AMBON – Liga Kampung Soekarno Cup U-17 Zona 3 Kabupaten Maluku Tengah resmi menutup rangkaian kompetisinya dengan sebuah final penuh drama. PS Hatumete berhasil keluar sebagai juara setelah menundukkan SSB Nusantara Masohi melalui adu penalti dengan skor 3-1 di Stadion Mandala Karang Panjang, Ambon, Rabu (10/6/2026).
Kemenangan tersebut menjadi penutup manis bagi tim asal Negeri Hatumete, Kecamatan Tehoru, setelah kedua tim bermain imbang tanpa gol sepanjang waktu normal.
Laga final berlangsung dalam tempo tinggi sejak menit pertama. PS Hatumete dan SSB Nusantara Masohi sama-sama tampil agresif dan saling menekan demi merebut trofi juara. Sejumlah peluang emas tercipta, namun kokohnya lini pertahanan kedua tim membuat skor tetap bertahan 0-0 hingga peluit panjang dibunyikan.
Pertandingan pun berlanjut ke babak adu penalti yang berlangsung menegangkan. Dalam situasi penuh tekanan, para eksekutor PS Hatumete tampil lebih tenang dan berhasil menyelesaikan tugas mereka dengan baik.
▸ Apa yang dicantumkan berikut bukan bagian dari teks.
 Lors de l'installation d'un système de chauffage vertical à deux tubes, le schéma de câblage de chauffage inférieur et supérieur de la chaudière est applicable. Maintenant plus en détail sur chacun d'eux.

Sebaliknya, para penendang SSB Nusantara gagal memaksimalkan peluang yang dimiliki.
Skor 3-1 di babak tos-tosan memastikan PS Hatumete mengangkat trofi juara sekaligus mengukuhkan diri sebagai tim terbaik Zona 3 Maluku Tengah tahun ini.
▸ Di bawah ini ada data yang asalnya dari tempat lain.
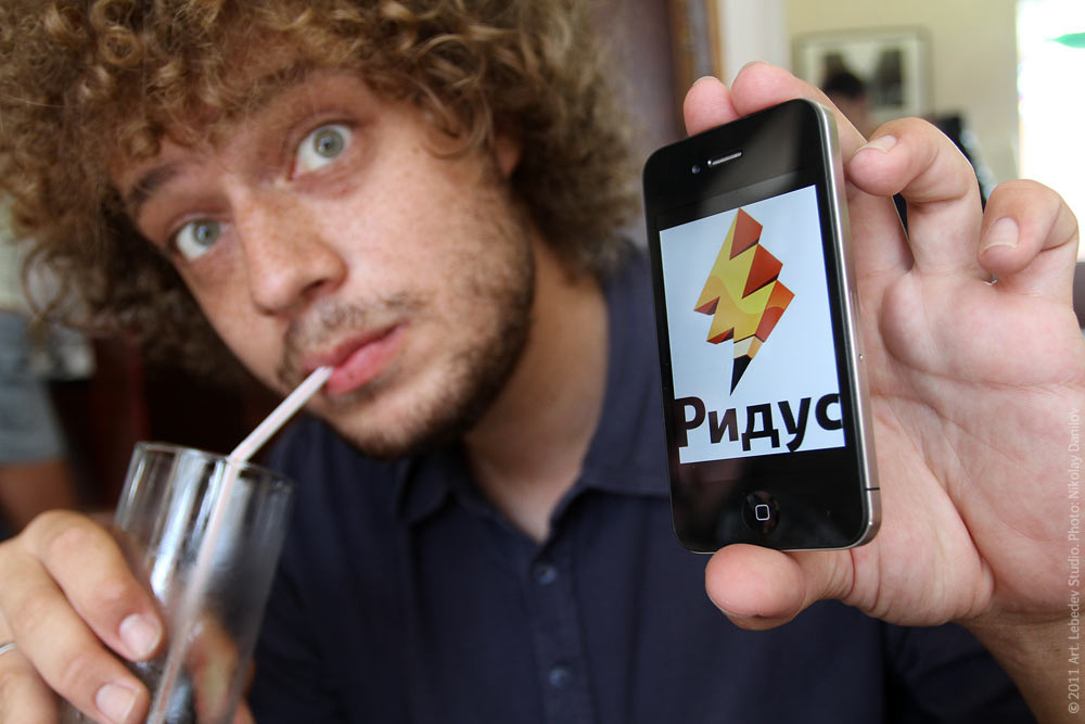 ![]() Founder of the citizen journalism agency Ridus Ilya Varlamov demonstrates the logo created by Art. Lebedev Studio.

Namun, berakhirnya kompetisi bukanlah akhir dari perjalanan para pemain muda yang tampil sepanjang turnamen. Ketua Panitia Liga Kampung Soekarno Cup U-17 Tahun 2026, Alhidayat Wajo, menegaskan bahwa fokus berikutnya adalah menjaring pemain-pemain terbaik untuk membentuk skuad Maluku menuju putaran nasional.
“Kompetisi Zona 3 telah selesai, tetapi proses pembinaan masih berlanjut. Pemain-pemain terbaik dari seluruh tim akan mengikuti seleksi lanjutan di Ambon,” ujar Alhidayat.
Menurutnya, sebanyak 40 pemain yang dinilai menonjol selama kompetisi telah masuk radar tim pelatih dan pencari bakat. Mereka akan mengikuti seleksi akhir untuk memperebutkan tempat dalam tim Maluku yang akan tampil pada putaran nasional Liga Kampung Soekarno Cup di Jawa Timur.
“Dari 40 pemain yang dipanggil, nantinya akan dipilih 25 pemain terbaik yang akan membawa nama Maluku di tingkat nasional,” jelasnya.
Alhidayat menilai kompetisi tahun ini berhasil menampilkan banyak talenta potensial yang memiliki kemampuan teknik, kecepatan, dan pemahaman permainan yang menjanjikan. Kehadiran tim pencari bakat di setiap pertandingan menjadi kesempatan emas bagi para pemain muda untuk menunjukkan kualitas terbaik mereka.
Lebih dari sekadar mencari juara, Liga Kampung Soekarno Cup U-17 juga dinilai sukses menjadi wadah pembinaan sepak bola usia muda serta mempererat persaudaraan antar-negeri dan kampung di Maluku Tengah.
Turnamen ini sekaligus membuktikan bahwa Maluku Tengah memiliki stok pemain muda berbakat yang siap bersaing di level lebih tinggi. Kini, perhatian tertuju pada proses seleksi di Ambon yang akan menentukan siapa saja pemain terbaik yang mendapat kesempatan mewakili Maluku di panggung nasional.
Bagi para pemain muda tersebut, seleksi ini bukan sekadar perebutan tempat di tim. Ini adalah pintu menuju mimpi besar untuk menembus dunia sepak bola profesional dan mengharumkan nama Maluku di masa depan.